Восточная и Южная Азия — еще два важнейших региона мира, где на протяжении тысячелетий исходной нормой считалась взаимозависимость, а не атомизированный индивидуализм. Как мудро заметил Ту Вэймин, ни одно действие не совершается в одиночку, и все в мире соткано из отношений. Ричард Нисбетт убедительно описал проявления этой парадигмы в своей книге 2003 года «География мысли». Азиатская традиция действительно изобилует яркими примерами, подтверждающими этот главный постулат. К примеру, живший в Индии в XV веке Кабир, используя метафору единства реки и океана, произнес фразу, ставшую важнейшим и по сей день актуальным вызовом привычному мышлению: «Многие знают, что капля растворяется в океане, но мало кто понимает, что океан растворяется в капле».
Схожие мотивы звучат и в философии коренных народов Америки; так, вождю Сиэтлу приписывают следующие слова: «Мы — часть Земли, и она — часть нас. Благоухающие цветы — наши сестры. Олень, медведь, великий орел — все это наши братья. Скалистые вершины, влага лугов, тепло тела мустанга и человек — все мы одна семья. Сверкающая вода, что струится в ручьях и реках, — это не просто вода, а кровь наших предков. Ветер, подаривший нашим отцам их первый вздох, принял и их последний выдох. И этот же ветер вдыхает жизнь в наших детей. Не Земля принадлежит человеку — человек принадлежит Земле. Не человек сплел паутину жизни, он — лишь одна из нитей в ней. И что бы он ни делал с этой паутиной, он делает это с самим собой».

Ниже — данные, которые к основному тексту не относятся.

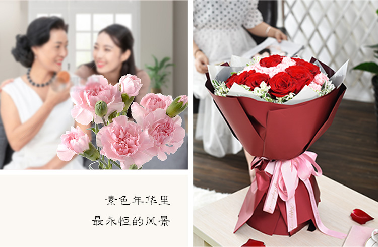 13支粉色康乃馨,9只红玫瑰,叶上花外围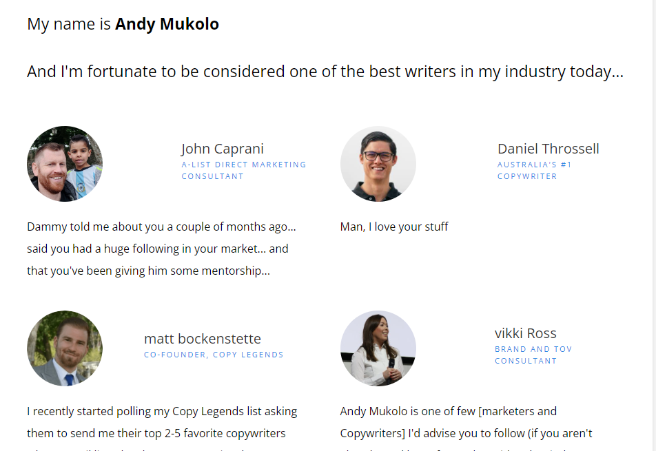 One thing that stands out throughout the page is how Andy backs up each claim with numerous testimonials and proofs to increase credibility.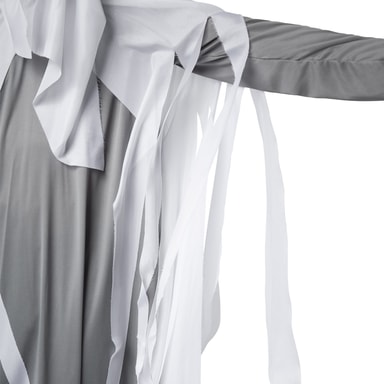 Herrekostymet skummelt spøkelse består av et fotlangt antrekk med lange ermer, maske samt hansker. På utsiden av antrekket er det festet lange strimler som er sydd fast til halslinningen. Selve halslinningen har et elastisk bånd.Les mer om produktet

Идея о том, что «мы не наследуем землю от предков, мы берем ее взаймы у наших детей», является естественным проявлением такого мировоззрения. Конечно, за этим утверждением следует интересный и необходимый вопрос: как же стать лучшим хранителем этого долга? Но пока мы не можем верно поставить первичный диагноз, этот жизненно важный вопрос остается невысказанным.
Майя в Центральной Америке приветствуют друг друга исполненной света фразой, достойной благоговения и неспешного раздумья: «In Lak’ech Ala K’in», или «Я — это другой ты». Похожим взглядом на мир, по-видимому, руководствовались и последователи анатолийского мудреца XIII века Руми: известно, что они не отпирали ворота, если на вопрос «Кто там?» стучавший отвечал: «Это я». Осознанным ответом, открывающим путь внутрь, должно было стать: «Это ты». Такой ответ подтверждал, что пришедший постиг базовую истину и потому достоин быть принятым. Кабира и по сей день помнят благодаря его ответу на экзистенциальный вопрос о том, зачем мы здесь: чтобы стать самими собой друг в друге и через друг друга. Труды двух выдающихся ученых XX века, Дэвида Судзуки и Йоахима Шнельнхубера, показали, что с каждым вдохом мы вбираем в себя атомы, побывавшие в легких каждого, кто жил до нас. Вождь Сиэтл был действительно прав: мы в буквальном смысле сотканы друг из друга.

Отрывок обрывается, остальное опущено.